--- Aim of the task ---
In your reply, repeat the full listing exactly and leave each picture out.

--- Provided material ---
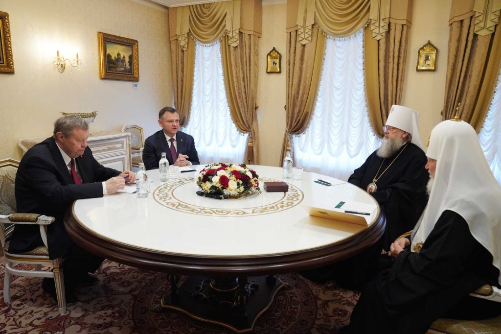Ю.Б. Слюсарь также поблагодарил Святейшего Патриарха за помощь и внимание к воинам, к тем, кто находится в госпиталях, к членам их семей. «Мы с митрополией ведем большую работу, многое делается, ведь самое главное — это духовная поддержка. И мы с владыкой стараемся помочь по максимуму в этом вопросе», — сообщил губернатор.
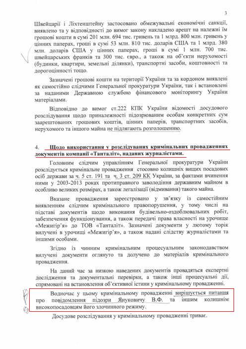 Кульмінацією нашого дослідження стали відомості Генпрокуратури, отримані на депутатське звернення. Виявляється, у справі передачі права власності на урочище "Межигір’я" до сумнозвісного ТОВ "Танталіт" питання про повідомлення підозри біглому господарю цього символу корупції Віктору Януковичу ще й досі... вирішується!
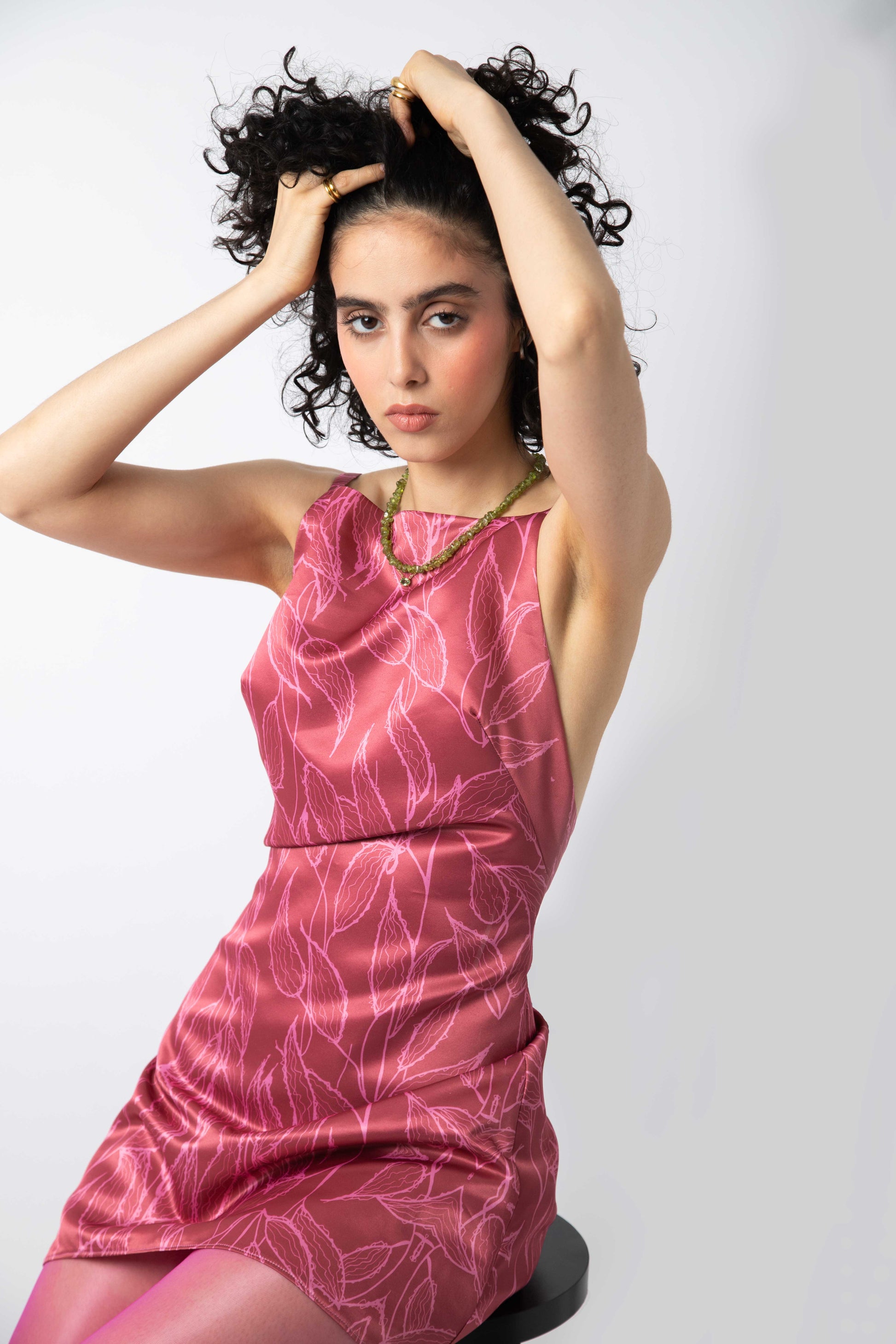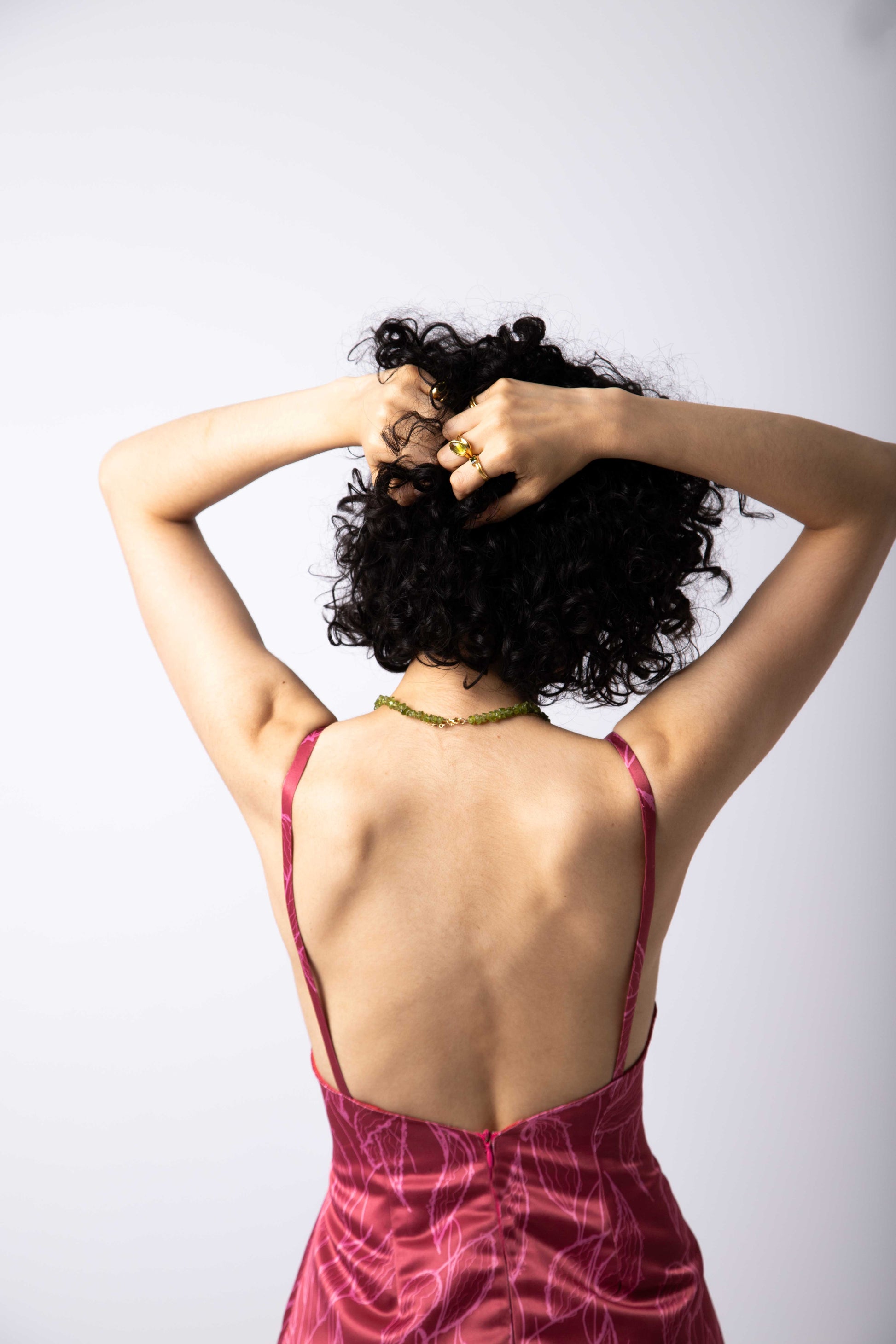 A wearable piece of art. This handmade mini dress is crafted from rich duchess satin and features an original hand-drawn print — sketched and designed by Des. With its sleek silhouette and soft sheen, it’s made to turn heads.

--- Task output ---
Ю.Б. Слюсарь также поблагодарил Святейшего Патриарха за помощь и внимание к воинам, к тем, кто находится в госпиталях, к членам их семей. «Мы с митрополией ведем большую работу, многое делается, ведь самое главное — это духовная поддержка. И мы с владыкой стараемся помочь по максимуму в этом вопросе», — сообщил губернатор.
 Кульмінацією нашого дослідження стали відомості Генпрокуратури, отримані на депутатське звернення. Виявляється, у справі передачі права власності на урочище "Межигір’я" до сумнозвісного ТОВ "Танталіт" питання про повідомлення підозри біглому господарю цього символу корупції Віктору Януковичу ще й досі... вирішується!
 A wearable piece of art. This handmade mini dress is crafted from rich duchess satin and features an original hand-drawn print — sketched and designed by Des. With its sleek silhouette and soft sheen, it’s made to turn heads.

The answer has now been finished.